We must not forget that even a prodigious reader never has access to more than an infinitesimal fraction of the books that exist.” (1) And just because people can “can buy books, unfortunately,  they can’t always buy time to read and to understand them or to apply them fully to their life.“(2) But a person can usually read lists of good thought provoking quotes.

I love quotations because it is a joy to find thoughts one might have, beautifully expressed with much authority by someone recognized wiser than oneself.” (3)

In the Catholic world “the diversity of thought within Catholic teaching, like variety within the strictures of sonnets, is one of its most beautiful features. It is nevertheless important to listen, as much as we can, to a broad chorus of Catholic thinkers. I have found great consolation in the fact that someone holier and smarter than myself has likely asked my questions already; my job is to find them and to listen, and then to make as many people as possible read block quotations about it. (4)
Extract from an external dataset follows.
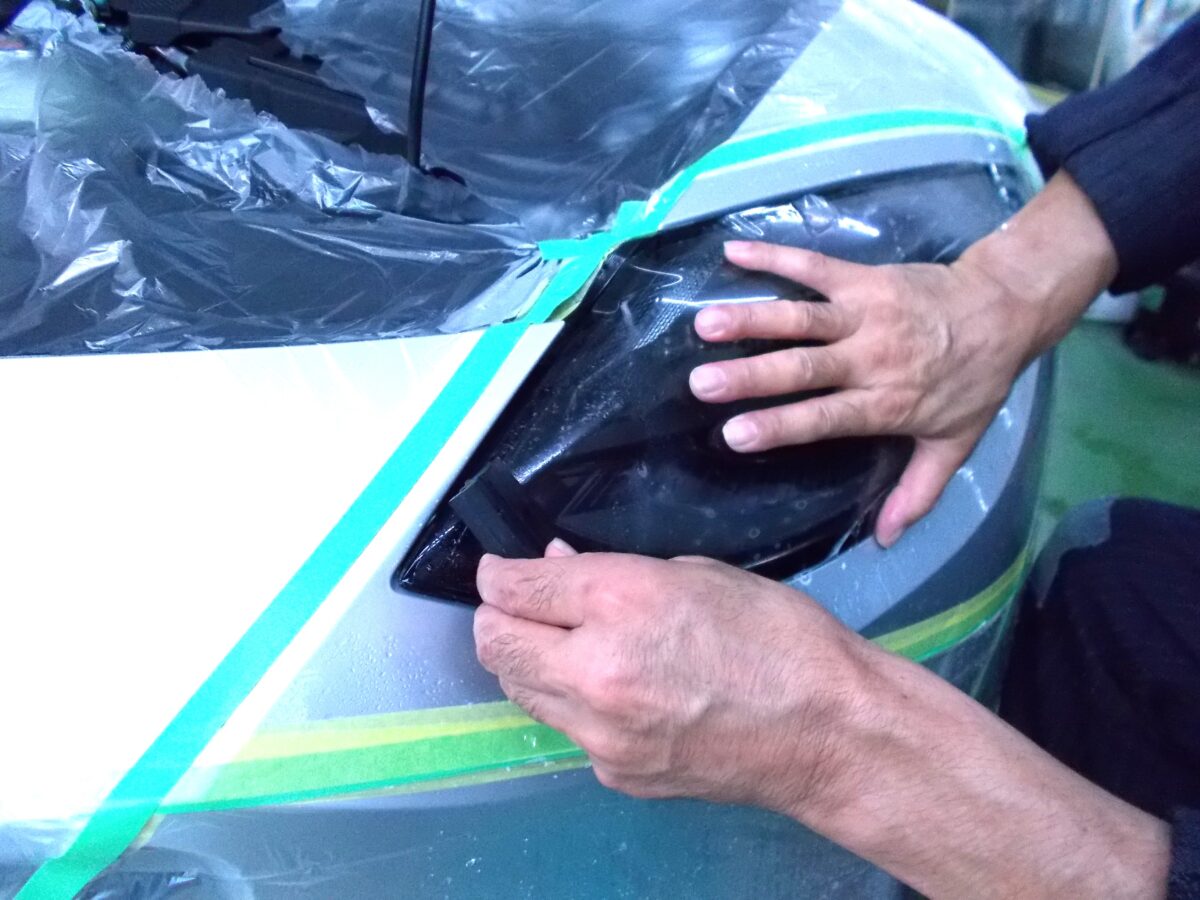 ヘッドライトプロテクションフィルム施工中の写真です。

So this search for quotes  has turned me into a quote collector.  I like to construct posts put together with cyber glue and glitter that bring together these bits of collected thoughts I searched diligently for. They are  brought together in one post so folks can easily browse through and consume ideas, nyucks, and AWES! without having to read a gazillion posts, articles or books to do so. I  will continue to scan books, videos, and podcasts, both Catholic and secular, brining the Whatever Biblical Principle to them and then share the splendid spoils with others by creating Bountiful Beautiful Book Blurbs we can read in the Haven’t Read Book Club.

So what is your creative endeavor
you bring the Whatever Biblical Principle to?

Some examples of secular non-Catholics that produce excellent or praiseworthy stuff.

Comedian Youtuber Ryan George

Travel, Language, History Writer Bill Bryson

Hannibal had obviously had better days, but even they couldn’t have been all that great. The Hotel Mark Twain was boarded up. That’s a sad sight—a tall building with every window plugged with plywood. Every business in town appeared to trade on Twain and his books—the Mark Twain Roofing Company, the Mark Twain Savings and Loan, the Tom ’n’ Huck Motel, the Injun Joe Campground and Go-Kart Track, the Huck Finn Shopping Center. You could even go and be insane at the Mark Twain Mental Health Center—a possibility that would, I imagine, grow increasingly likely with every day spent in Hannibal. The whole place was sad and awful. I had been planning to stay for lunch, but the thought of having to face a Tom Sawyer Burger or Injun Joe Cola left me without any appetite for either food or Hannibal.
-Bill Bryson, The Lost Continent: Travels in Small-Town America (1989)

Podcaster Aaron Mahnke

If you like Mysterious World you might like this podcast also.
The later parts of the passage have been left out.